[What to do] Below is a listing; restate from it, character for character, the lines beginning at the line holding "Industrial Pipe Towel" and ending at the line holding "Misc 14k Earrings", both included.

[Material supplied]
+++

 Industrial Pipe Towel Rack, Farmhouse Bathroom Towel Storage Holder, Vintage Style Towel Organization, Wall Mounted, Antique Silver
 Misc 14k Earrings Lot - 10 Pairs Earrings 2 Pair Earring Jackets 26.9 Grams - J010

+++

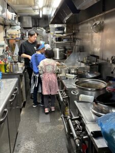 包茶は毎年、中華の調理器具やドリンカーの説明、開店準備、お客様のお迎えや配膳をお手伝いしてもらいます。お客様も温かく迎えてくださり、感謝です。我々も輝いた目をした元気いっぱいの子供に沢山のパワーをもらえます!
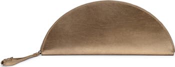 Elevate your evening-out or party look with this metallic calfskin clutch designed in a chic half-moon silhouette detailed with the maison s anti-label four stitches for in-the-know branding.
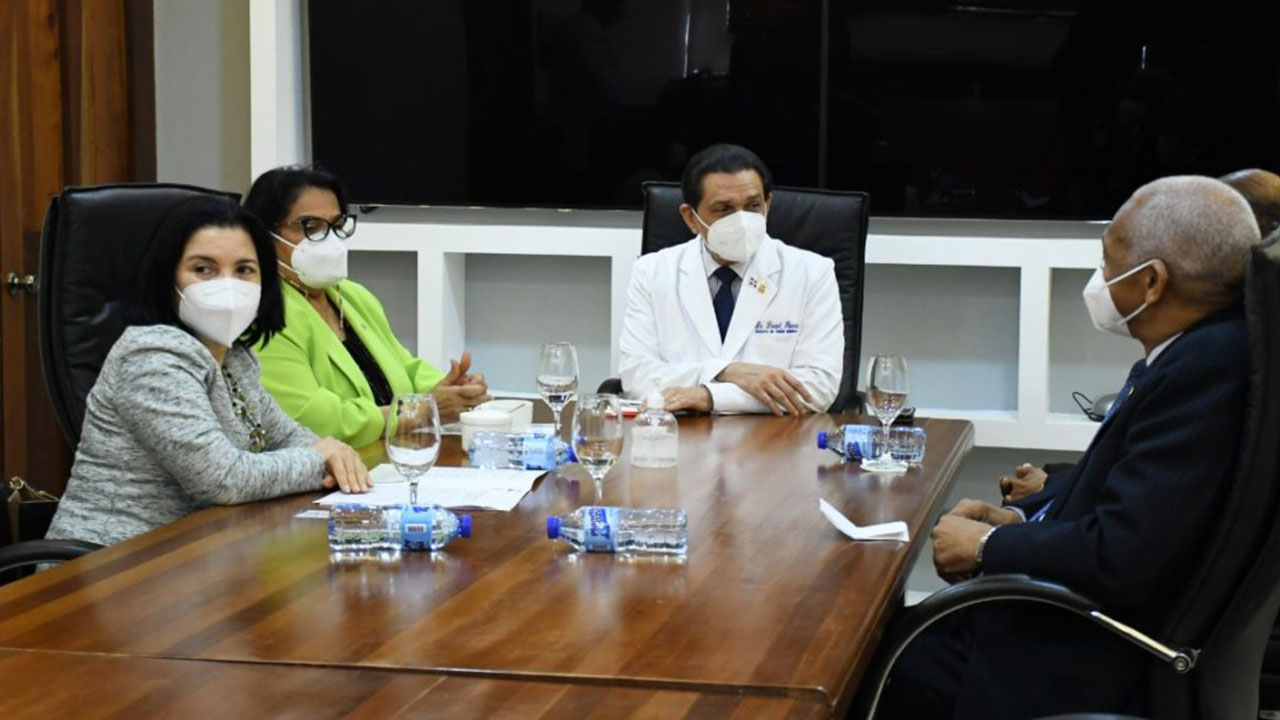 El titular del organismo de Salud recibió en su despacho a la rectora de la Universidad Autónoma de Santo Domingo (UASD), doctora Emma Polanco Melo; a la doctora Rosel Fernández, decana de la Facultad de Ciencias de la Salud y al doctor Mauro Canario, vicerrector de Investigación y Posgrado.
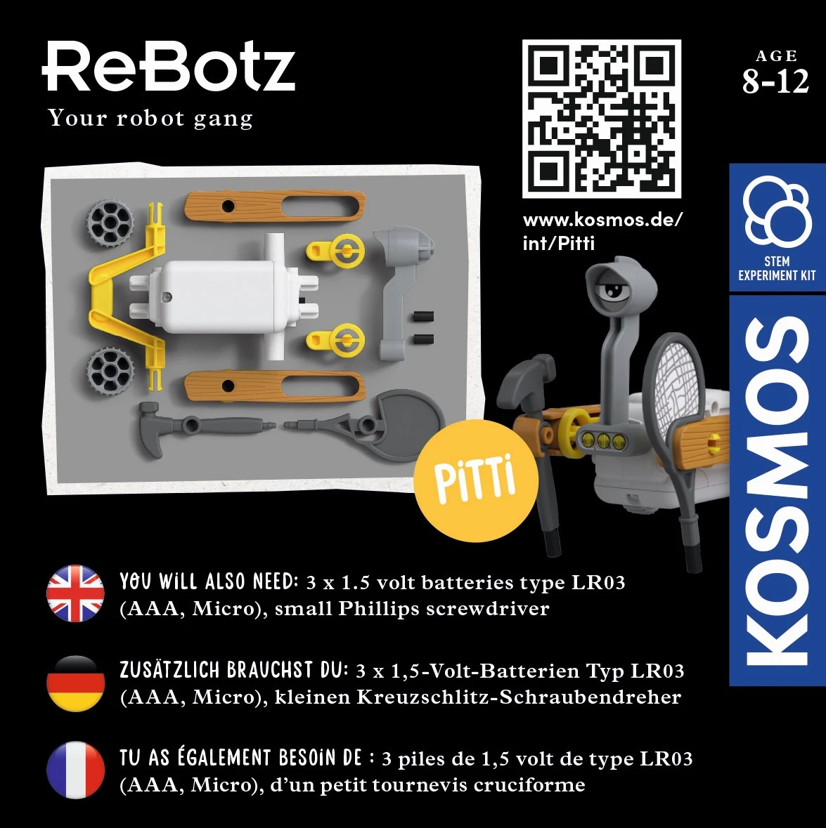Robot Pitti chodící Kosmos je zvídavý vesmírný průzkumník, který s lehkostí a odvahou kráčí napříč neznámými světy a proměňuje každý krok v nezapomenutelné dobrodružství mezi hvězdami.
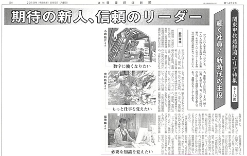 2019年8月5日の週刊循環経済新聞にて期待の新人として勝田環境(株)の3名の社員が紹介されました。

+++

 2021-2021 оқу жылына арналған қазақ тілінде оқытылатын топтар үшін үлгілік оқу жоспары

+++

[Answer space]
 Industrial Pipe Towel Rack, Farmhouse Bathroom Towel Storage Holder, Vintage Style Towel Organization, Wall Mounted, Antique Silver
 Misc 14k Earrings Lot - 10 Pairs Earrings 2 Pair Earring Jackets 26.9 Grams - J010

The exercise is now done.